BCL-2 inhibition of Beclin 1-dependent autophagy requires NAF-1. (A) NAF-1 contributes to the interaction between BCL-2 and Beclin 1. H1299 HA-BCL-2b5 cells were transfected with Flag-Beclin 1 and either LUC or NAF-1 siRNA. Cells were lysed and subjected to immunoprecipitation with anti-BCL-2 antibody. Precipitates were subjected to analysis by immunoblot using anti-Beclin 1 and anti-BCL-2. All lanes are derived from the same gel and of the same exposure. Thin white lines indicate where lanes have been removed. (B) Loss of NAF-1 prevents BCL-2b5 from antagonizing starvation-induced autophagy. H1299 GFP-LC3 and BCL-2b5/GFP-LC3 cells were transfected with either LUC or NAF-1 siRNA and starved for 4 h.
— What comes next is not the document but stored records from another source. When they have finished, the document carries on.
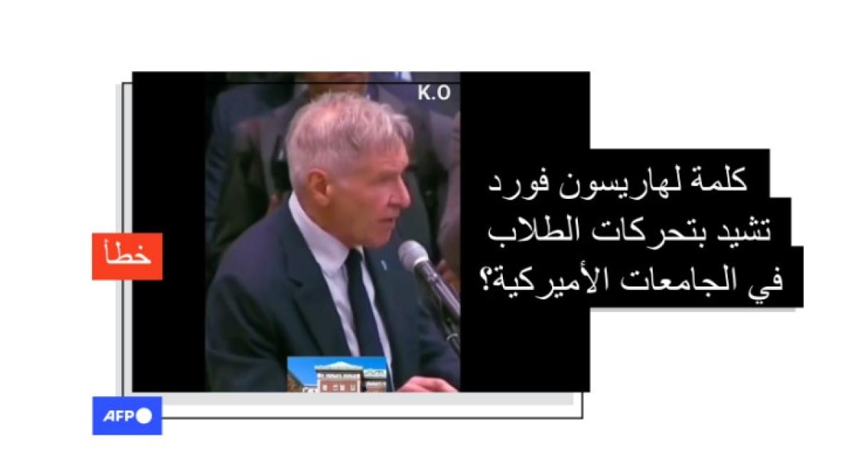 هذا الفيديو يظهر هاريسون فورد متحدّثاً عن الناشطين البيئيين الشباب عام 2019 ولا علاقة له بالتظاهرات الطلابية المؤيدة للفلسطينيين
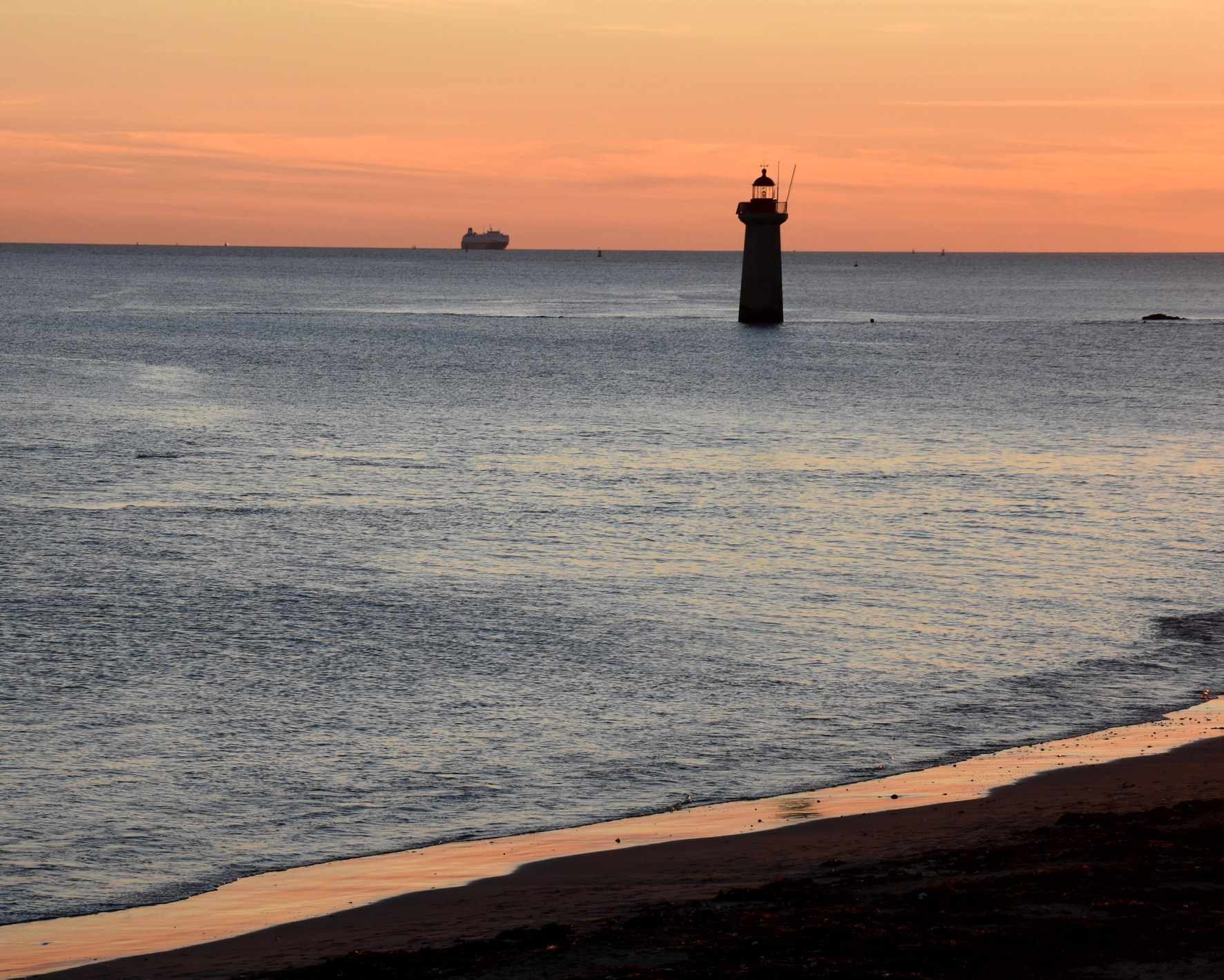 Droits comme des i, gardiens de l’estuaire et du port, plusieurs phares jalonnent le littoral de Saint-Nazaire. Vieux Môle, jetées est et ouest, phare de Villès-Martin… on peut très facilement les voir de près ! Entre nous : j’ai hâte de pouvoir les retrouver au moment du coucher de soleil (la photo ci-dessous date de fin novembre), en ce moment c’est incompatible avec le couvre-feu…
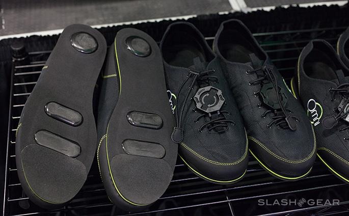 When it was nearly my turn, they asked for my shoe size, and I strapped into a pair. The shoes look somewhat normal on the top, save for the plastic hexagon strapped to the laces. This is where the foot tracking sensor goes. The bottom of the shoes were very different than your average sneaker. There are three plastic pieces which helps your feet to easily slide over the plastic surface of the Omni. It also helps you slide on most other surfaces as well, so you'll want to be careful.
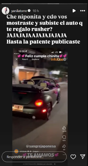 Luego, se dirigió a Instagram a dedicarle un par de Historias, recordandole a la actriz que fue ella misma quien publica sus datos: “Che niponita y cuando vos mostraste y subiste el auto que te regalo rusher? Hasta la patente publicaste”.
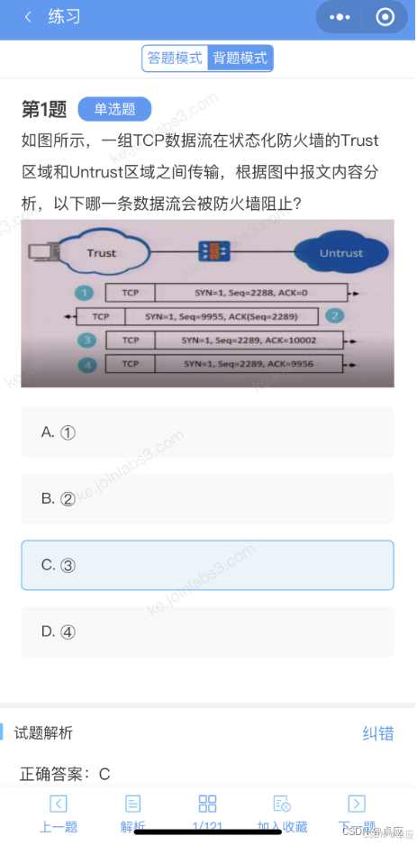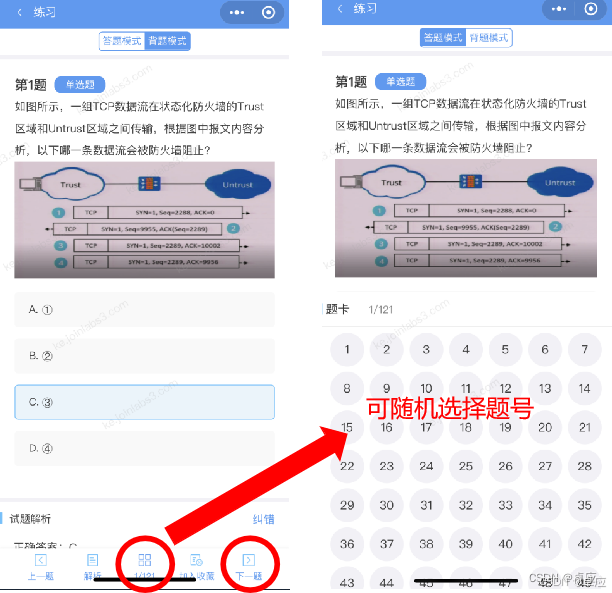 6.连续刷题,可直接通过底部菜单【下一题】或题题目序号随机选择
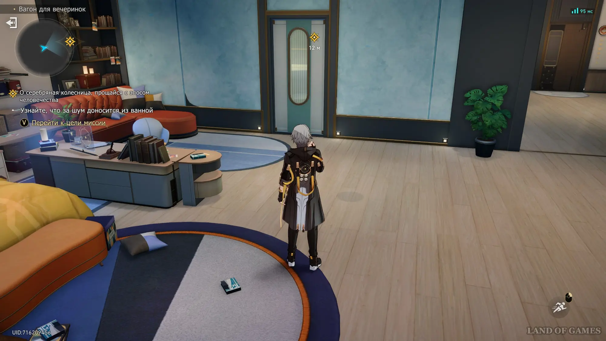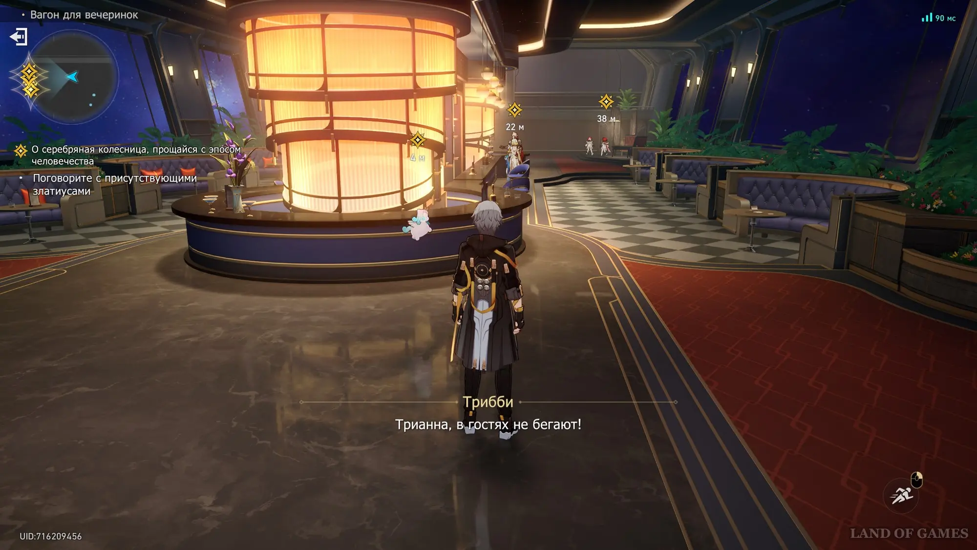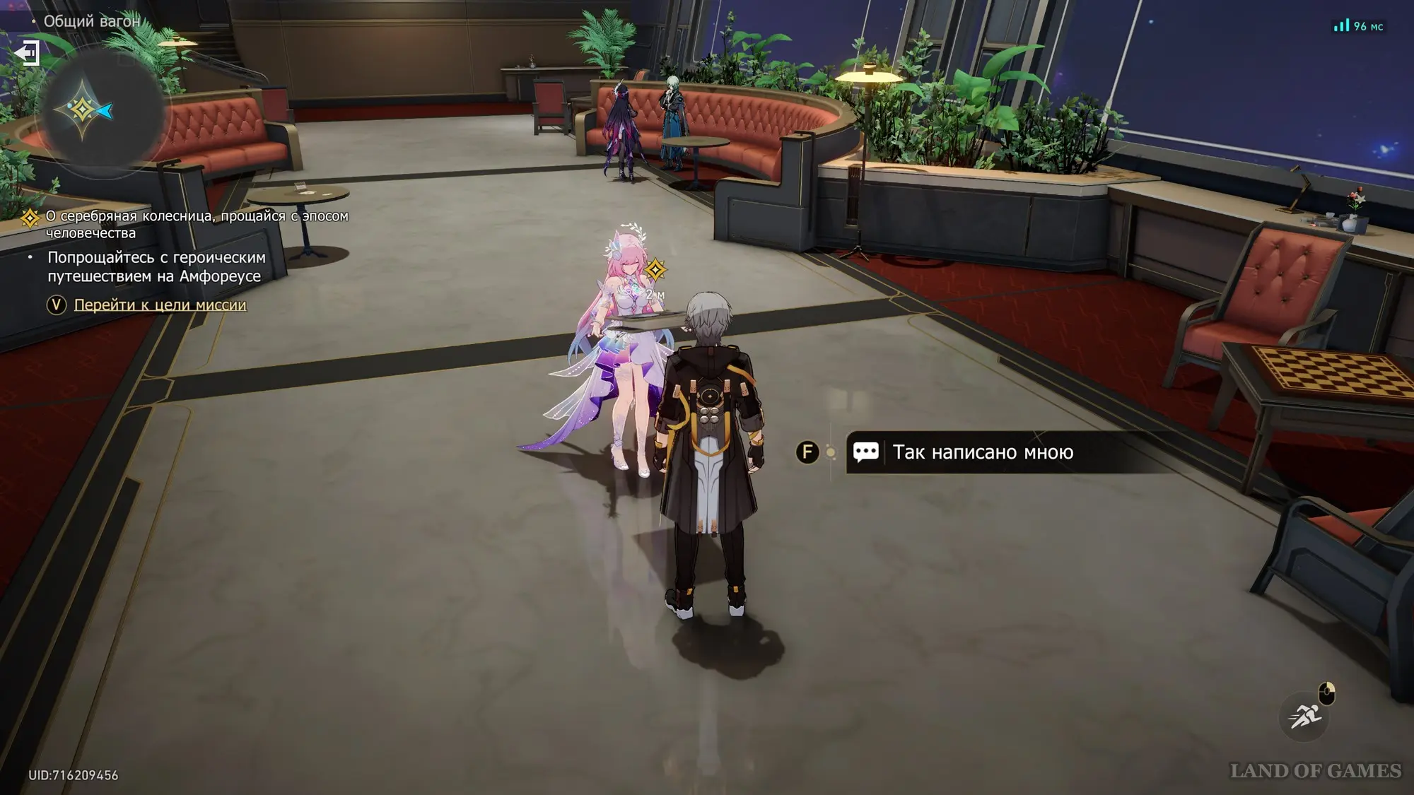 Вы окажетесь на Звездном экспрессе в своей комнате. Пройдите в ванную комнату и осмотрите ванну. В ней вы обнаружите Касторию и Цифер – поговорите с ними. Потом отправляйтесь в вагон для вечеринок и побеседуйте там с другими златиусами. Затем идите в общий вагон и пообщайтесь с Гисиленсой, Анаксой и Фаеноном.
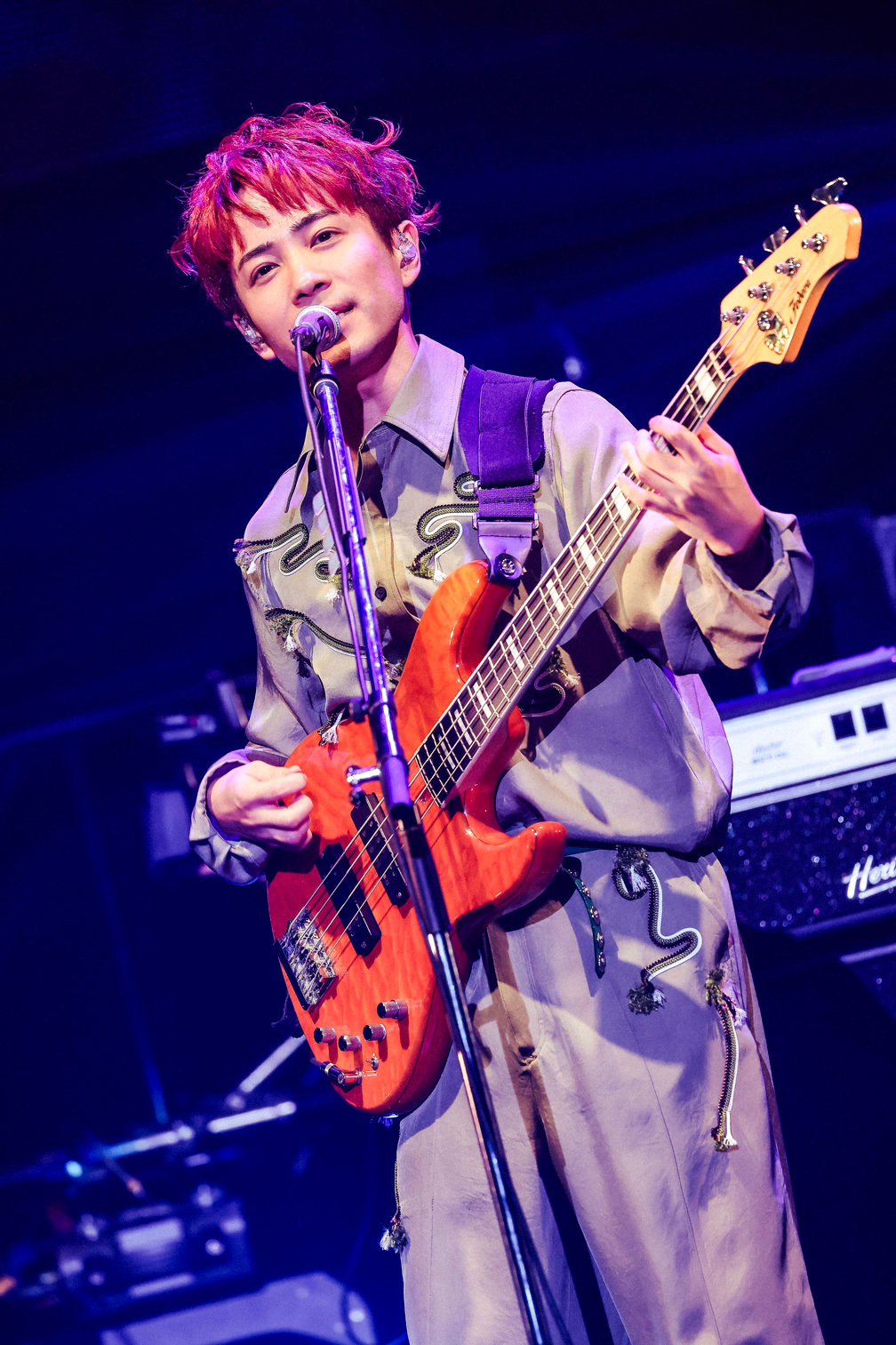 「7年前に新曲として出した曲をここでやります。こんなに愛される曲になりました!」と隆児の小気味いいギターから「シンセンス」。そして「銀河の果てに連れ去って!」を畳みかけ、あっという間にラストスパートへ。1曲1曲を噛み締めるように聴き耽っていても、無我夢中だとこんなにも時が過ぎるのは早いのか。なんて感傷に浸っていたら、まだまだ興奮を突き上げんと言わんばかりに「ジャンキー」になだれ込む。クラップ&手を振り、飛んで踊るオーディエンス。最後は、ミニアルバム『CITRUS CURIO CITY』から「あなたの歌です。自分の声で、自分の人生に問いかけてください」と「煌舟」を披露。

Cells were analysed as in Figure 4C. (C) Representative electron micrographs of H1299 neo and HA-BCL-2b5 cells treated with either LUC or NAF-1 siRNA, with or without subsequent starvation. Scale bar represents 10 μm. Cell lysates were analysed by immunoblot. All lanes are derived from the same gel and of the same exposure. Thin white line indicates where lanes have been removed. Autophagy levels observed by electron microscopy (C) were quantified and expressed as either the percentage of cells containing autophagic vacuoles (D) or the number of autophagosomes per cell (E). A minimum of 100 cells per sample were counted; results represent the average±s.e.m.

Figure 6

NAF-1 knockdown reverses BCL-2 lowering of ER Ca²⁺ stores. (A) H1299 neo and HA-BCL-2b5 cells treated with either CTRL or NAF-1 shRNA were loaded with Fura-2AM, and ER Ca²⁺ stores were measured as the difference in cytoplasmic Ca²⁺ concentration before and after addition of TG (2 μM). Shown are representative traces of Fura-2AM fluorescence measured at 340/380 nm excitation wavelength ratio at 510 nm wavelength emission. Arrow indicates time at which TG was added, delta values indicate TG-sensitive ER Ca²⁺ stores. (B) Differences in ER Ca²⁺ stores are shown as the average±s.e.m. of three independent experiments as described in (A). (C) Co-immunoprecipitation of endogenous NAF-1 and endogenous IP3 receptor type I. Lysate from H1299 HA-BCL-2b5 cells was collected and immunoprecipitation was performed with anti-IP3R1 antibody. The resulting precipitate was analysed by immunoblot.